= Beginning of Section =

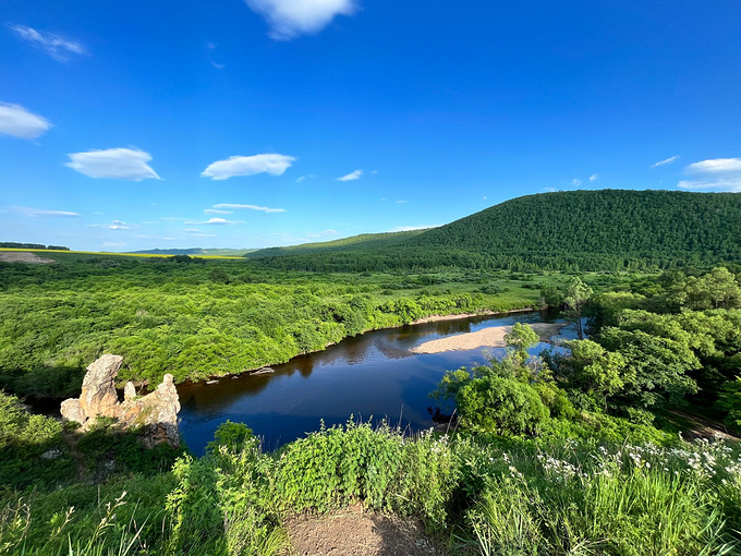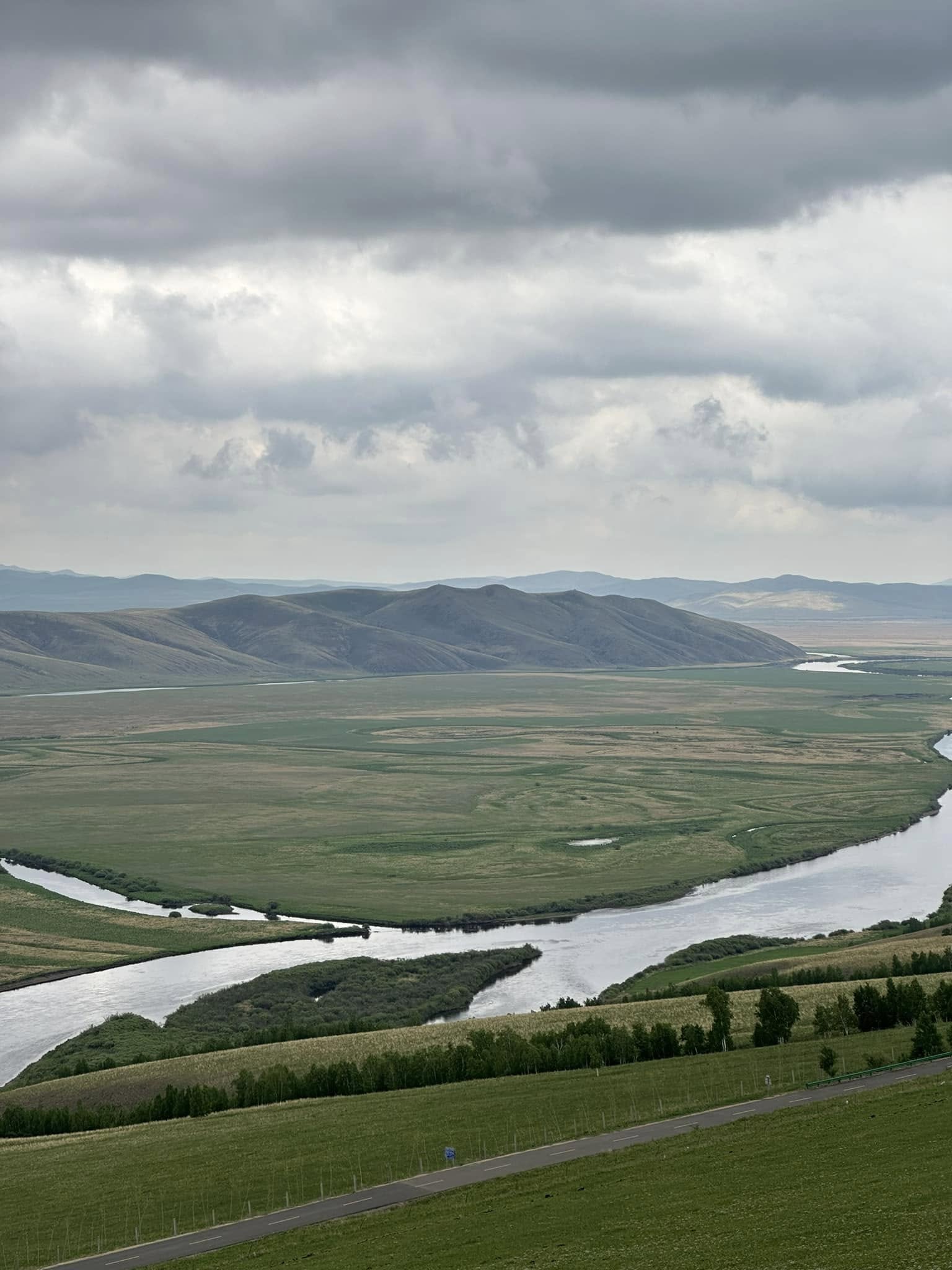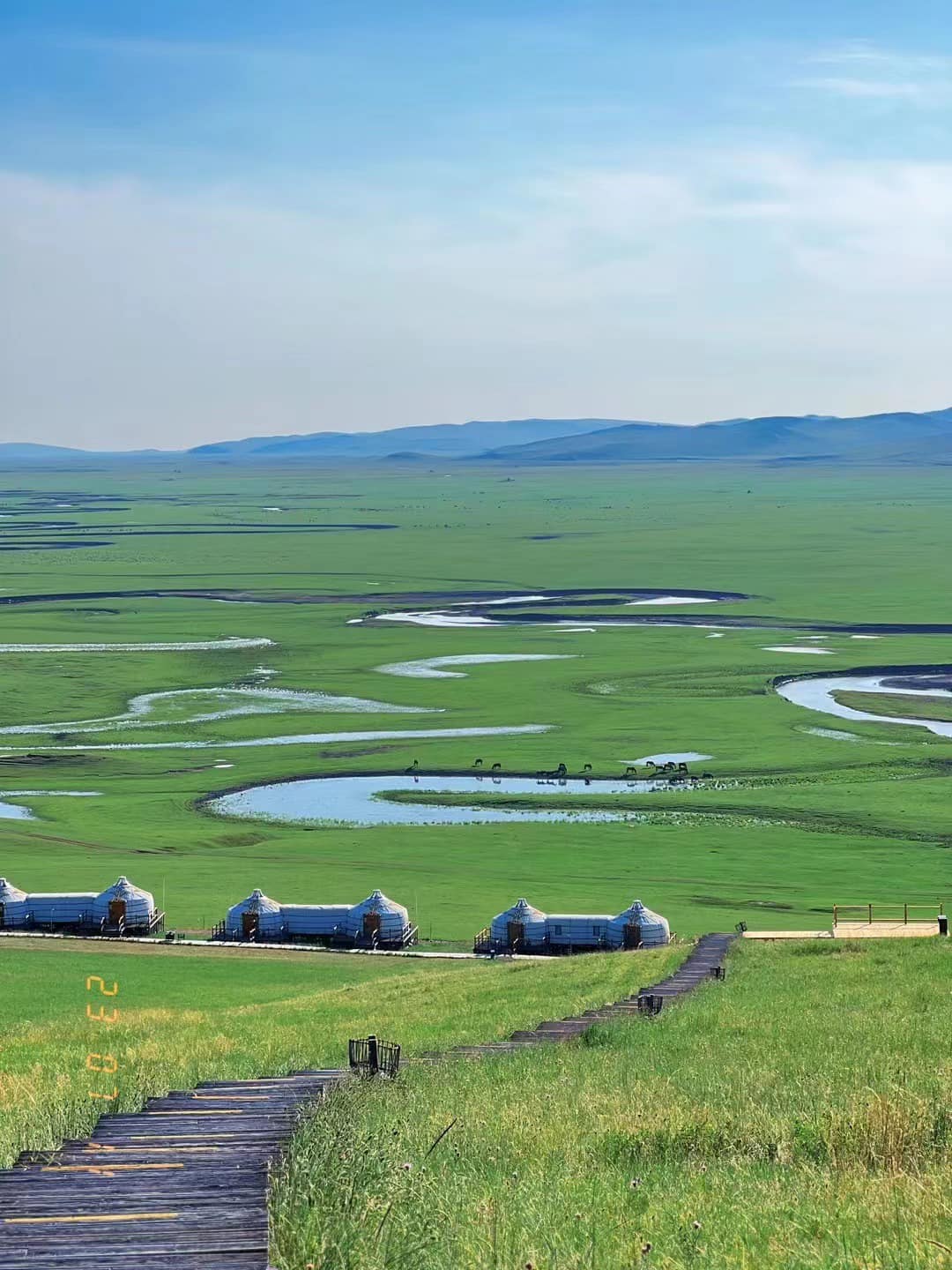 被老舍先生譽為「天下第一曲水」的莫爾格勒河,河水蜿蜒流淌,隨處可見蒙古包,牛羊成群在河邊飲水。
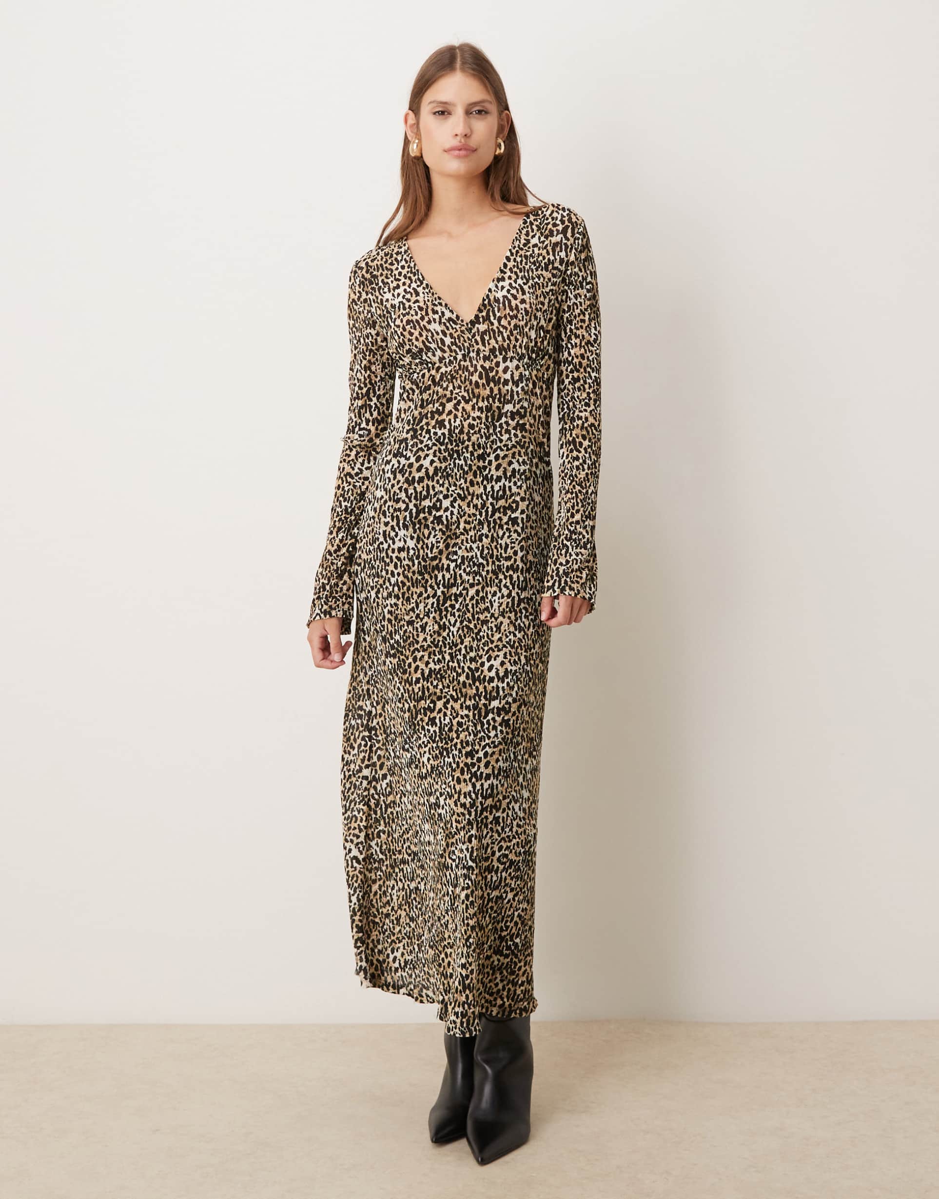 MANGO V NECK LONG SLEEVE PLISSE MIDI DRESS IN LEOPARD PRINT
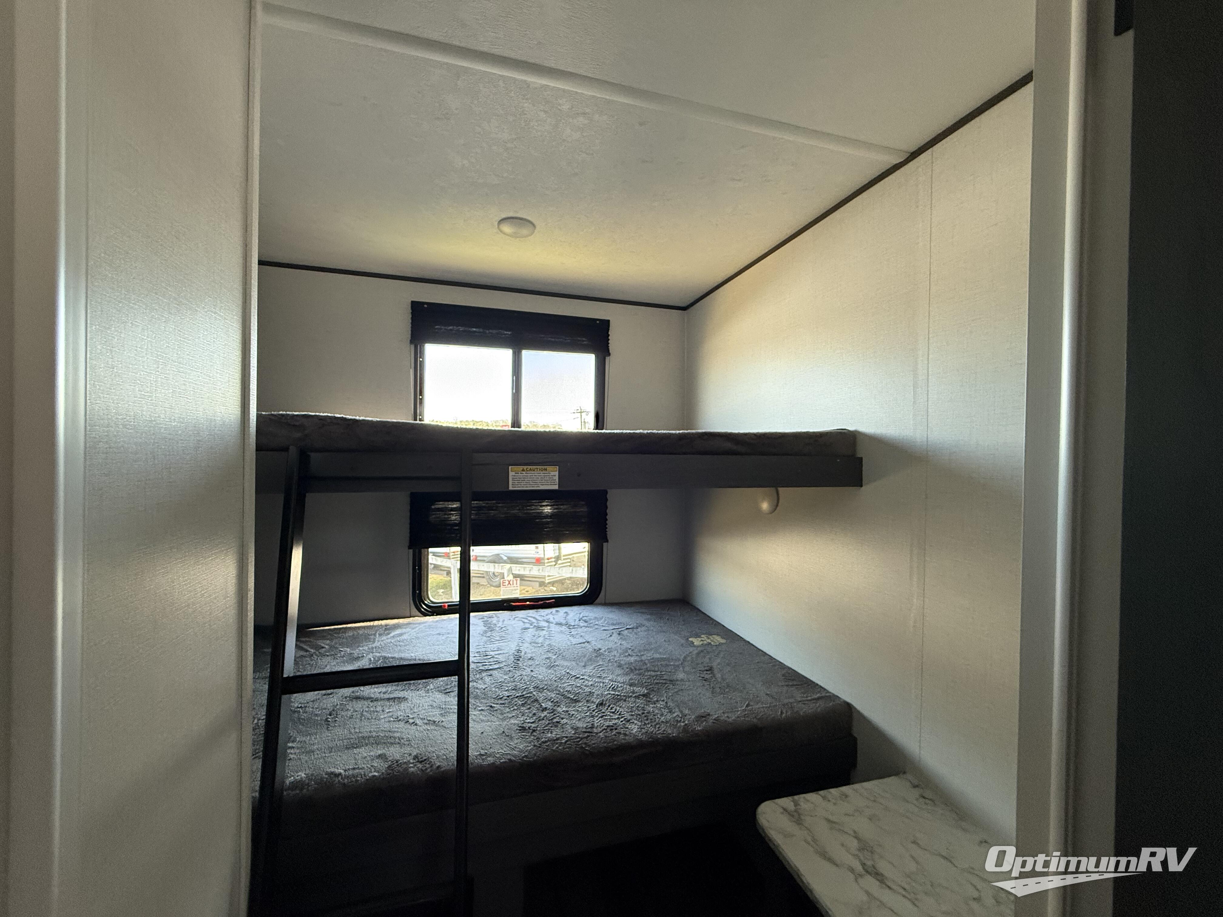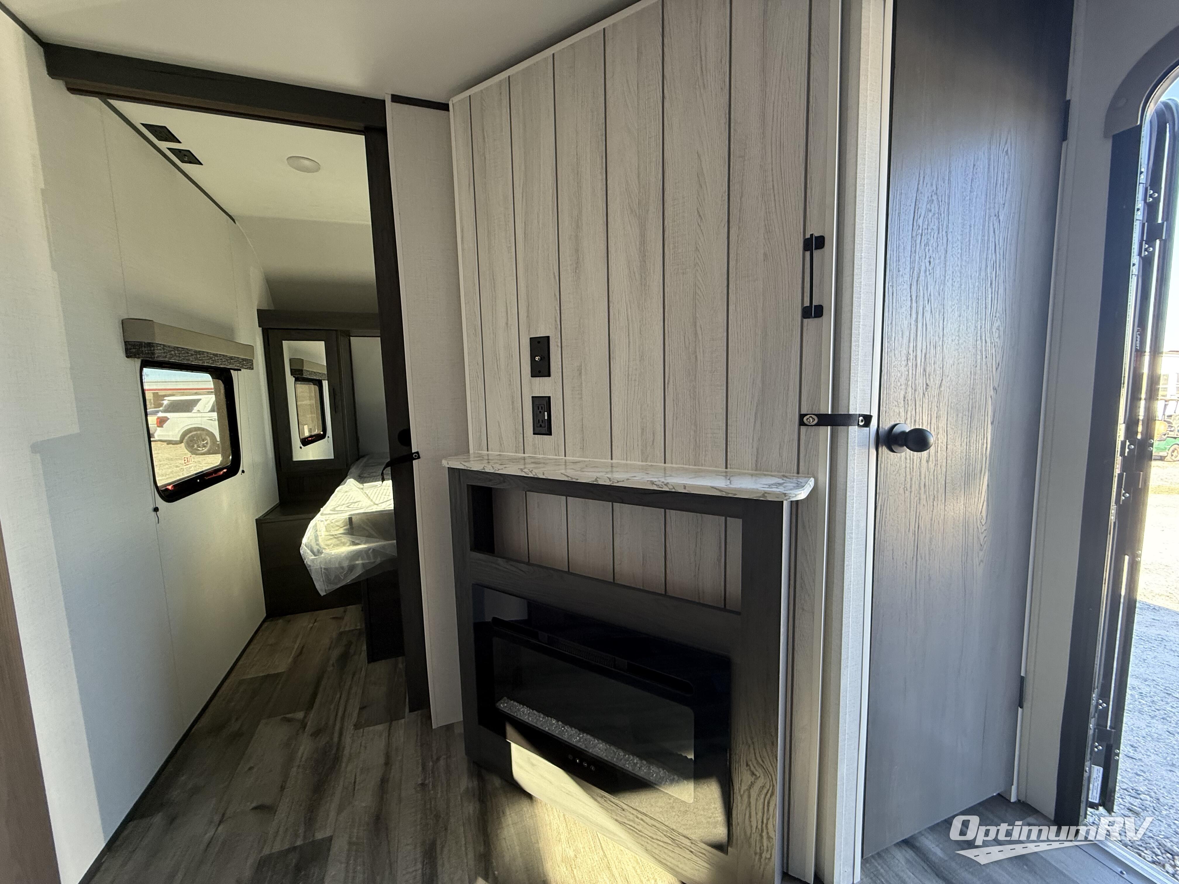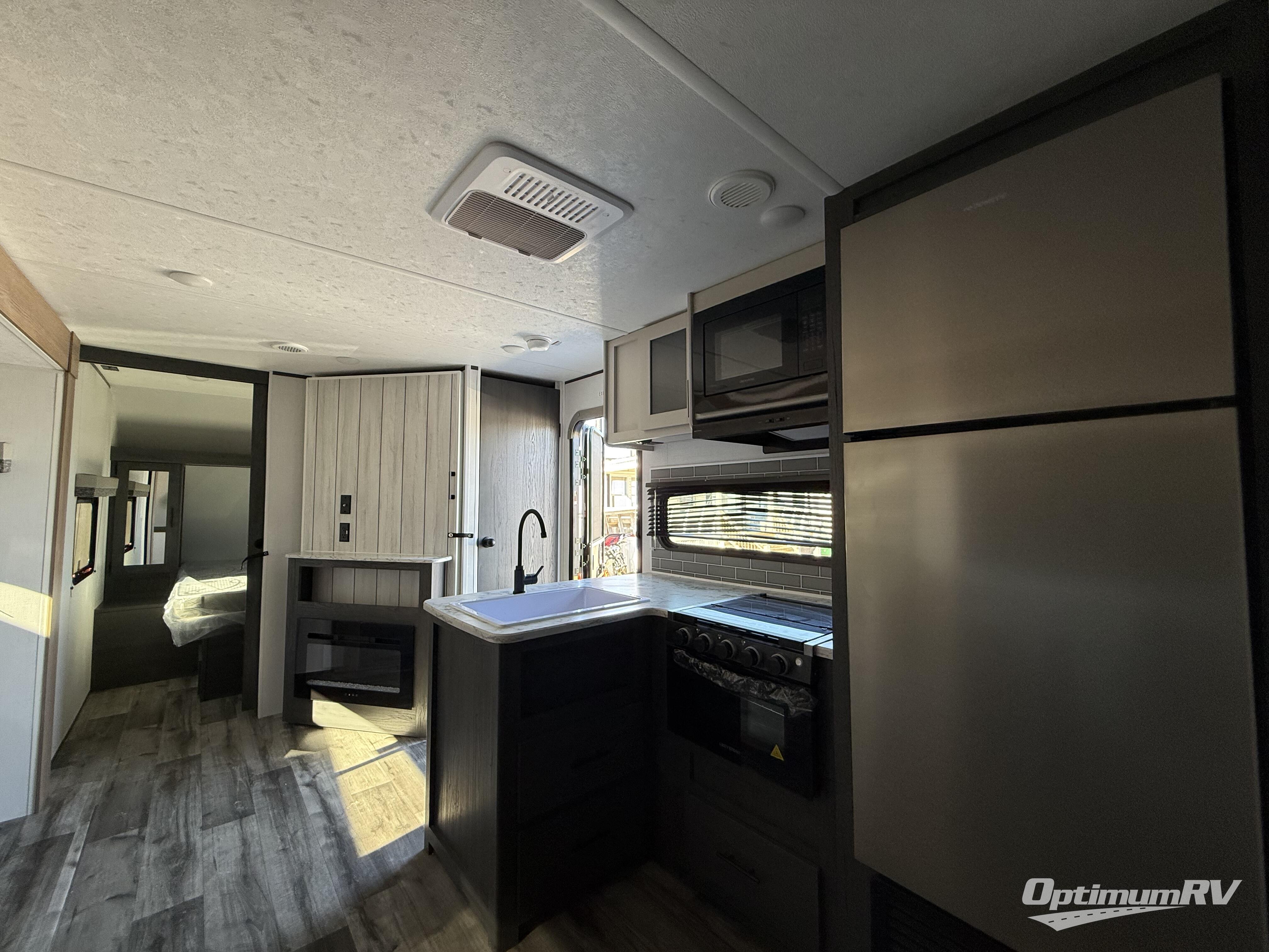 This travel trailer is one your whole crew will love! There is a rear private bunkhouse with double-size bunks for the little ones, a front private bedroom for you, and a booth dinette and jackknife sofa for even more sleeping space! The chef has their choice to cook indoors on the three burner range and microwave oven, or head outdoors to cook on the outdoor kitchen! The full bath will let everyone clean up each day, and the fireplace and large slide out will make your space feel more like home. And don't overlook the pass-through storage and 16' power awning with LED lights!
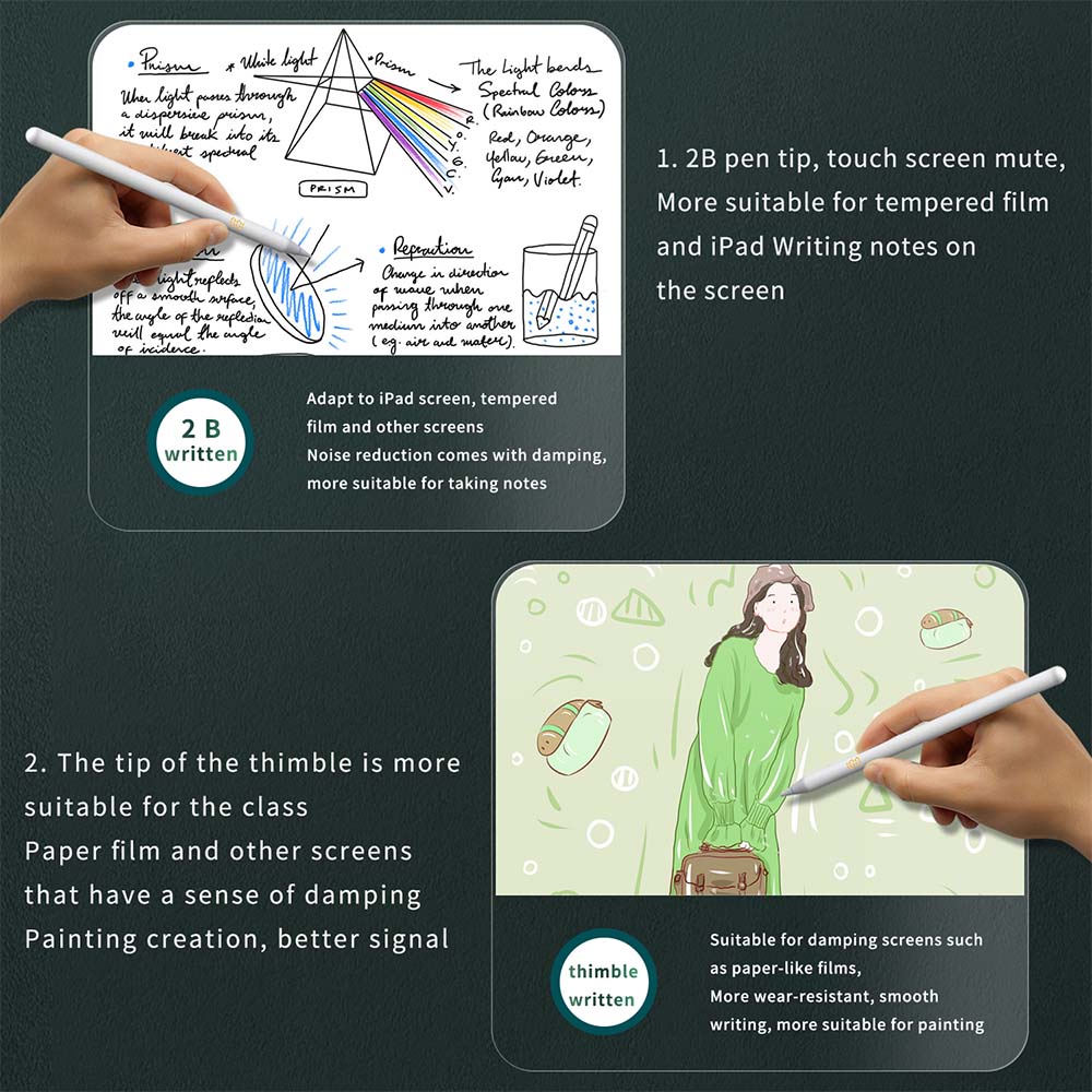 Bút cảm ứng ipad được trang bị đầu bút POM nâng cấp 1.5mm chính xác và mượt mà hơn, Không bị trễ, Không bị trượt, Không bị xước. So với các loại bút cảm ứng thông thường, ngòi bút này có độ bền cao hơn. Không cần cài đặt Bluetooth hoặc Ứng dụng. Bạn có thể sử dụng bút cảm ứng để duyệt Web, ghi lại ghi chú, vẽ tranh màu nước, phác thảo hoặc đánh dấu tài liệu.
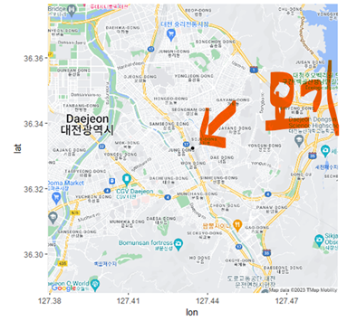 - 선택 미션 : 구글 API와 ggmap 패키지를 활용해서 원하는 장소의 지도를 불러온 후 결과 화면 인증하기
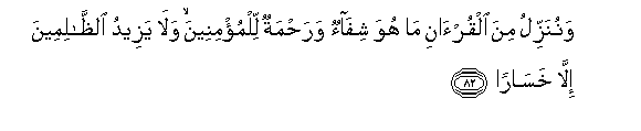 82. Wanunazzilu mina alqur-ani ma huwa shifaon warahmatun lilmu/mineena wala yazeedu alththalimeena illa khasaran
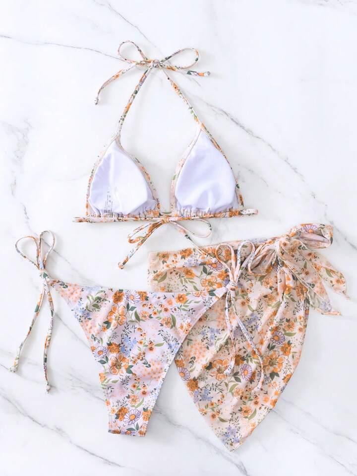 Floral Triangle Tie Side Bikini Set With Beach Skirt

= End of Section =

What you have to do
Leaving every picture aside, transcribe exactly the lines from the one that contains "MANGO V NECK" through the final line of the listing above, inclusive.

Exercise output
 MANGO V NECK LONG SLEEVE PLISSE MIDI DRESS IN LEOPARD PRINT
 This travel trailer is one your whole crew will love! There is a rear private bunkhouse with double-size bunks for the little ones, a front private bedroom for you, and a booth dinette and jackknife sofa for even more sleeping space! The chef has their choice to cook indoors on the three burner range and microwave oven, or head outdoors to cook on the outdoor kitchen! The full bath will let everyone clean up each day, and the fireplace and large slide out will make your space feel more like home. And don't overlook the pass-through storage and 16' power awning with LED lights!
 Bút cảm ứng ipad được trang bị đầu bút POM nâng cấp 1.5mm chính xác và mượt mà hơn, Không bị trễ, Không bị trượt, Không bị xước. So với các loại bút cảm ứng thông thường, ngòi bút này có độ bền cao hơn. Không cần cài đặt Bluetooth hoặc Ứng dụng. Bạn có thể sử dụng bút cảm ứng để duyệt Web, ghi lại ghi chú, vẽ tranh màu nước, phác thảo hoặc đánh dấu tài liệu.
 - 선택 미션 : 구글 API와 ggmap 패키지를 활용해서 원하는 장소의 지도를 불러온 후 결과 화면 인증하기
 82. Wanunazzilu mina alqur-ani ma huwa shifaon warahmatun lilmu/mineena wala yazeedu alththalimeena illa khasaran
 Floral Triangle Tie Side Bikini Set With Beach Skirt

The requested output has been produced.